Every DataNode on which the blocks were stored might be down (or not connected to the NameNode; it is impossible to distinguish the two).

 

Looks like HDFS issues, can you post from Hue or HDFS command line

 

https://cwiki.apache.org/confluence/display/HADOOP2/TroubleShooting

 

avatar
Explorer

Hi Timothy,

The NameNode may be overloaded. Check the logs for messages that say "discarding calls..."
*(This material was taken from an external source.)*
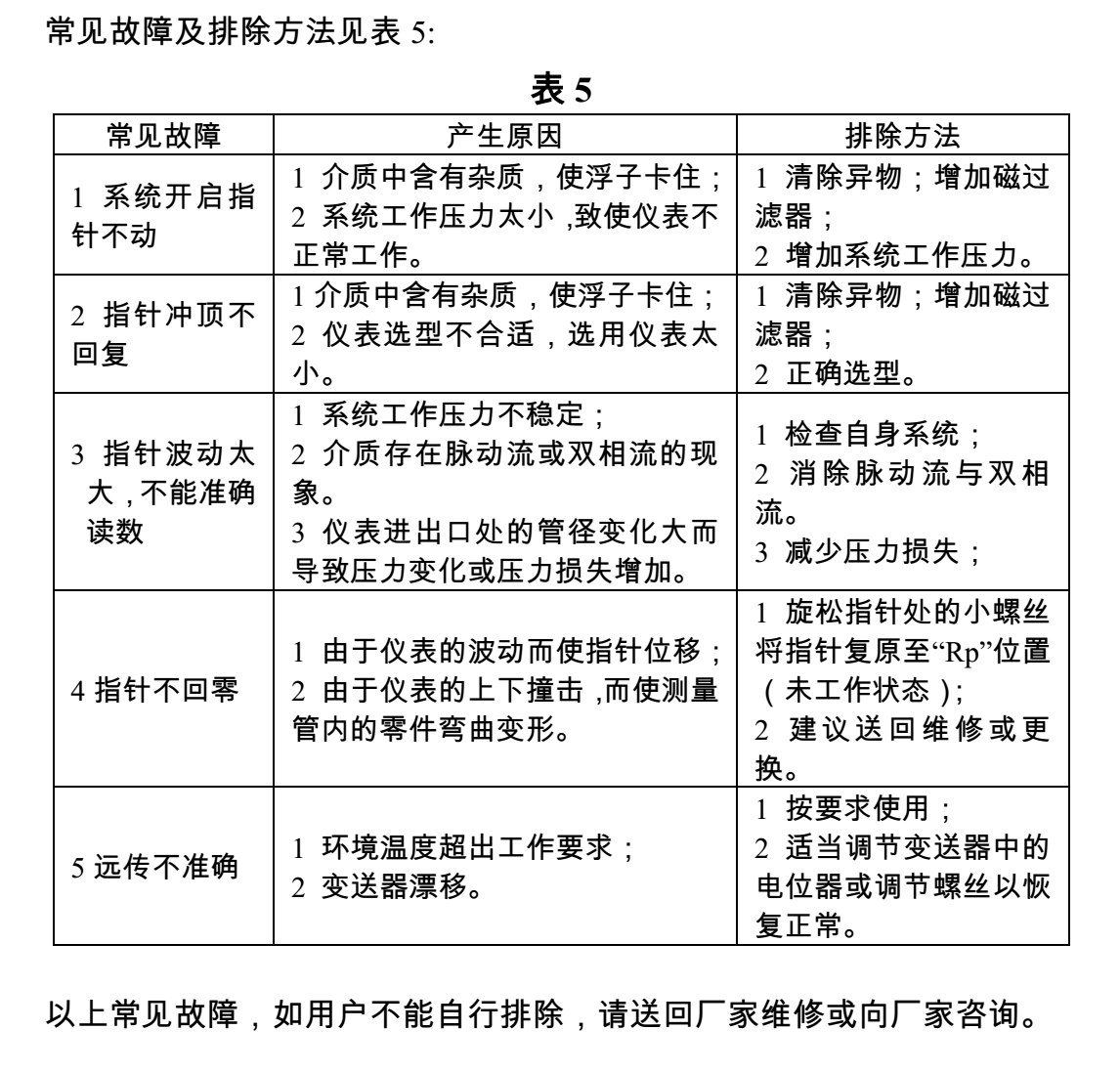 ★??若開啟流量計時,由于管道內沒有壓力或系統還未達到儀表正常使用的工作壓力,必須緩慢開啟控制閥,直到系統正常,儀表方可使用,否則容易造成指針跳動或浮子的突然撞擊而損壞的現象。

    - Name node is fine and works fine when I actually have a nifi instance running in my laptop and use the same work flow with same configurations am able to write the file successfully to the same cluster
There may not be enough (any) DataNode nodes running for the data to be written. Again, check the logs. - All datanodes are up and running, Will check the logs and get back to you
Every DataNode on which the blocks were stored might be down (or not connected to the NameNode; it is impossible to distinguish the two). - Am able to put file from command line.

 

avatar
Explorer

Hi Timothy,

 

Here is the dfs admin report

 

[hdfssuperuser@abc ~]$ hadoop dfsadmin -report

 

Configured Capacity: 8748844187648 (7.96 TB) Present Capacity: 8649609633023 (7.87 TB) DFS Remaining: 6585870316863 (5.99 TB) DFS Used: 2063739316160 (1.88 TB) DFS Used%: 23.86% Live datanodes (4): Name: 0.1.0.1:50010 Hostname: abc Rack: /default Decommission Status : Normal Configured Capacity: 2187211046912 (1.99 TB) DFS Used: 673284505773 (627.05 GB) Non DFS Used: 24917778259 (23.21 GB) DFS Remaining: 1488606111329 (1.35 TB) DFS Used%: 30.78% DFS Remaining%: 68.06% 

avatar
Master Guru

What kerberos ID are you logged into on your PC vs in the NiFi cluster.

 

Perhaps the NiFi kerberos ID does not have WRITE permissions to that directory or you are not logged into Kerberos on NiFi cluster.

 

People usually don't have the same kerberos credentials on their PC as on their cluster.    Should be a service user not a personal user.

avatar
Master Guru

Could be local security or file permissions or IPtables / Firewall between NiFi cluster and HDFS.

 

https://www.edureka.co/community/30977/hadoop-hdfs-exception-in-createblockoutputstream

 

Could be crypto libraries installed?

 

https://community.cloudera.com/t5/Support-Questions/NiFi-PutHDFS-Writing-Zero-Bytes-appears-to-be-cr...

 

If this NiFi installed via CDF/CFM Cloudera Manager?   If so, please open a support ticket.

avatar
Explorer

It's actually the same, however the NiFi service is being run by root and I use a service account principal and it's keytab in the PutHDFS processor, So do you say that "root" is not having sufficient privileges to write the file into HDFS?

avatar
Master Guru

Most people doing give root accounts HDFS accounts or kerberos accounts.   Depends on the environment.

 

Just trying to see what is different between environments.

 

If it's not user, permissions, firewall, version of NiFi, that's weird.

 

I have seen some odd setups of Linux where security intercepts somethings or prevents root users from doing certain things.   i have seen devops tools change permissions automatically in the background.

 

You can change PutHDFS to Primary node to have just one write to it to narrow down which machine in the cluster may have an issue.